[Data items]
========

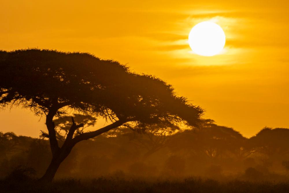 ↑这是肯尼亚安博塞利国家公园的日出景观(1月8日摄)。
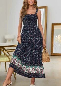 Navy Smocked Ditsy Floral Print Strappy Dress
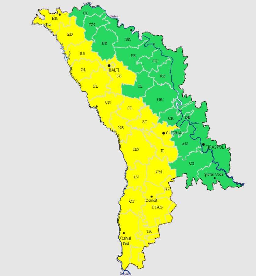 В субботу, 4 октября, на половине территории Молдовы будет действовать «жёлтый код» метеоопасности из-за проливных дождей, в воскресенье же, 5 октября, уже будет без осадков.
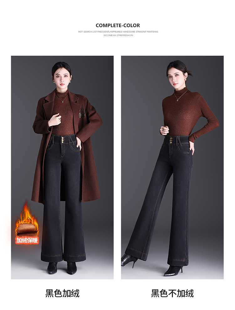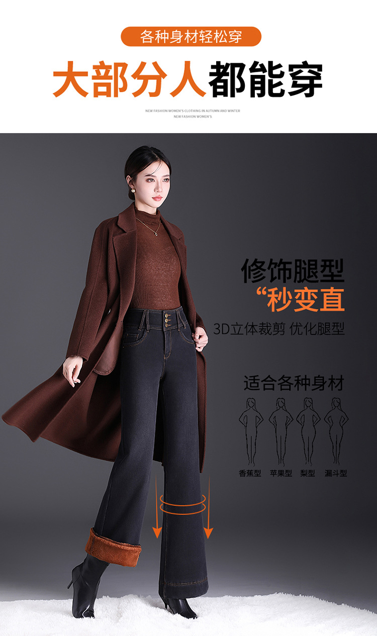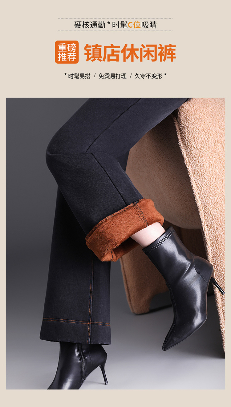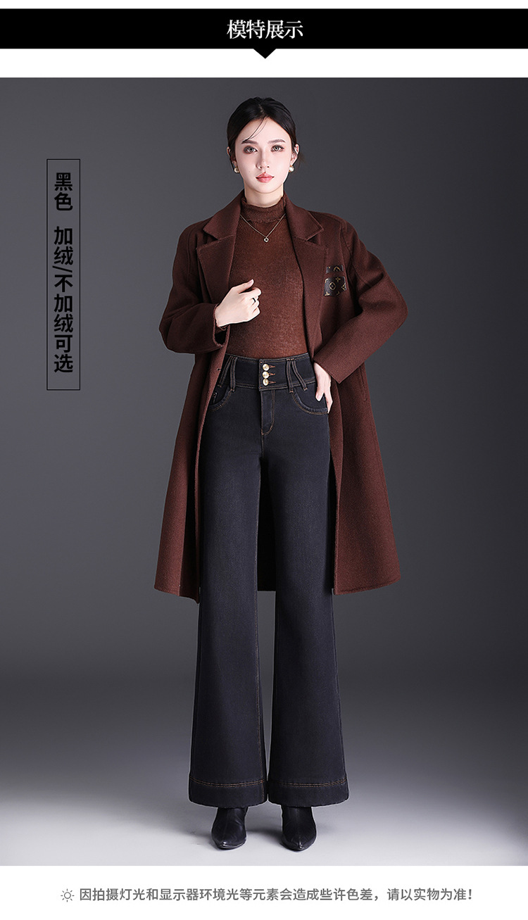 加绒阔腿裤宽松休闲裤,气质女装高腰厚款保暖长裤时尚牛仔裤MYX- GFL-9719-Y
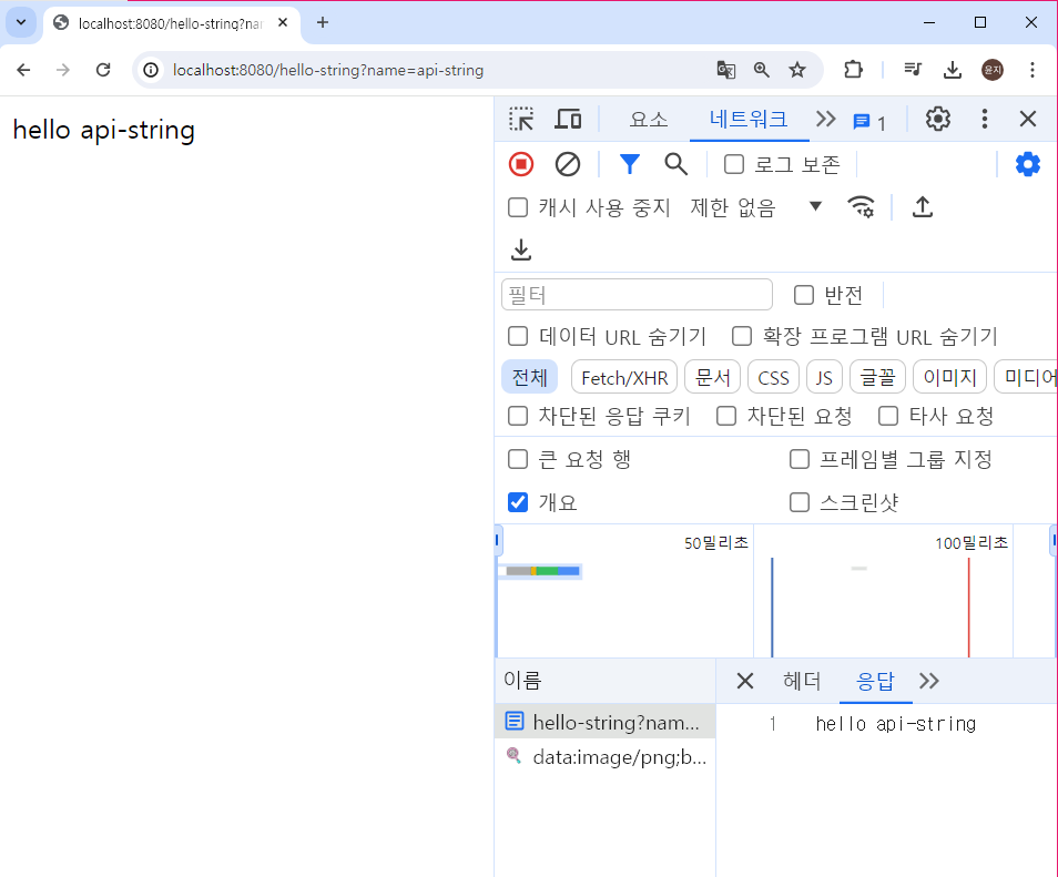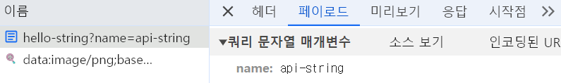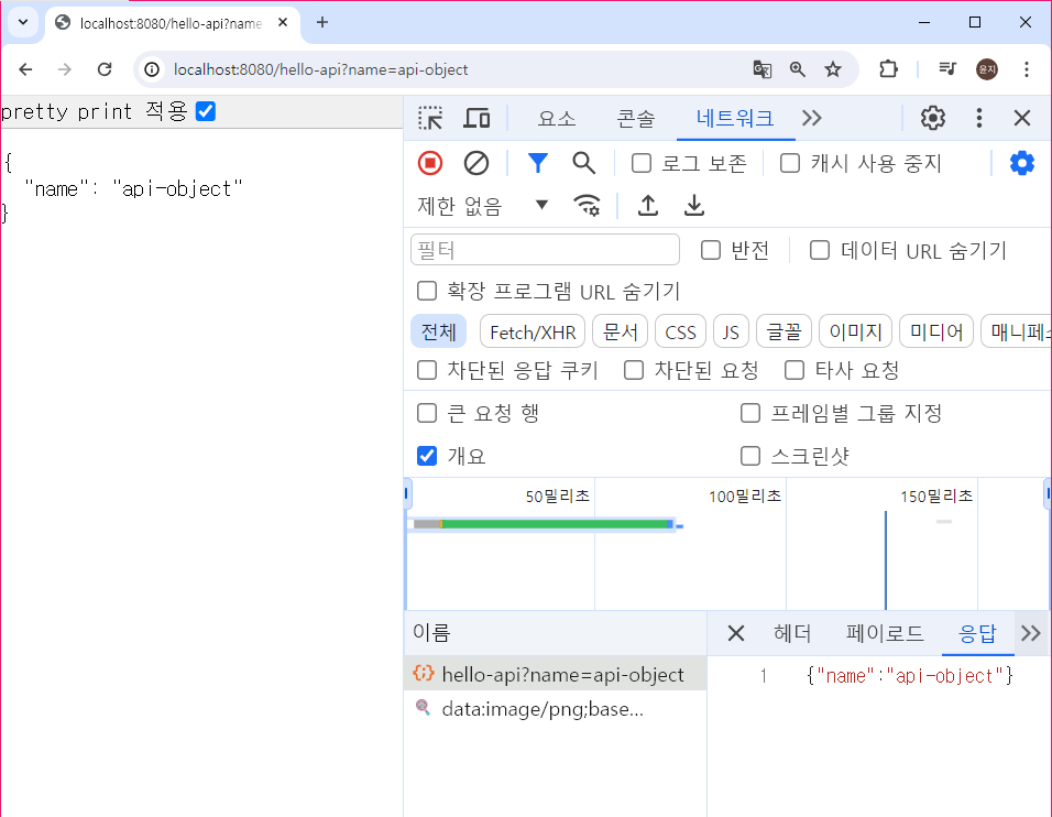 개발자도구를 통해 네트워크의 응답 부분을 살펴보면, 리턴값으로 보내준 데이터를 그대로 응답으로 받아온 것을 확인할 수 있다.
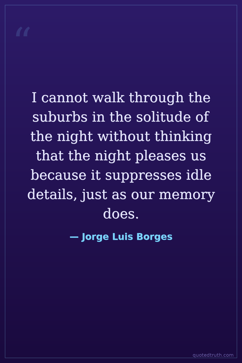 I cannot walk through the suburbs in the solitude of the night without thinking that the night pleases us because it suppresses idle details, just as our memory does.
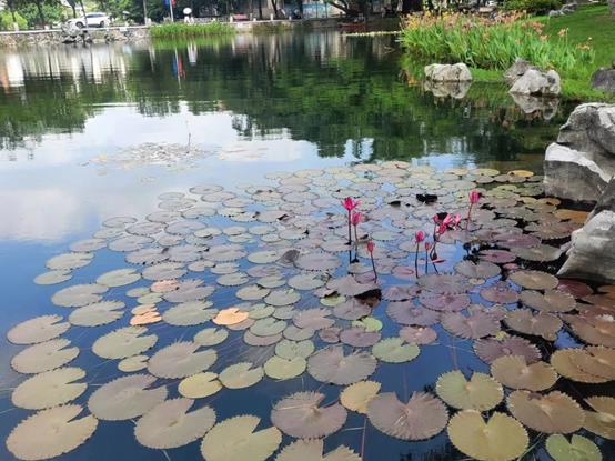 湖泊管养工作常态化进行,不断提高水质透明度。运维员持续对各湖荷叶进行施肥、病虫害治理等养护作业;做好鱼苗投放、水草补种、景观池打扫、污水入湖治理等湖泊管养工作,逐步完善水生植物+水生动物+微生物群落一体化,构建生物多样性景观湖泊。

========

**Aim of the exercise:**
Verbatim transcription needed, from the opening line of the entries above through the line containing "В субботу, 4"; pictures do not belong in it.

**Solution below:**
 ↑这是肯尼亚安博塞利国家公园的日出景观(1月8日摄)。
 Navy Smocked Ditsy Floral Print Strappy Dress
 В субботу, 4 октября, на половине территории Молдовы будет действовать «жёлтый код» метеоопасности из-за проливных дождей, в воскресенье же, 5 октября, уже будет без осадков.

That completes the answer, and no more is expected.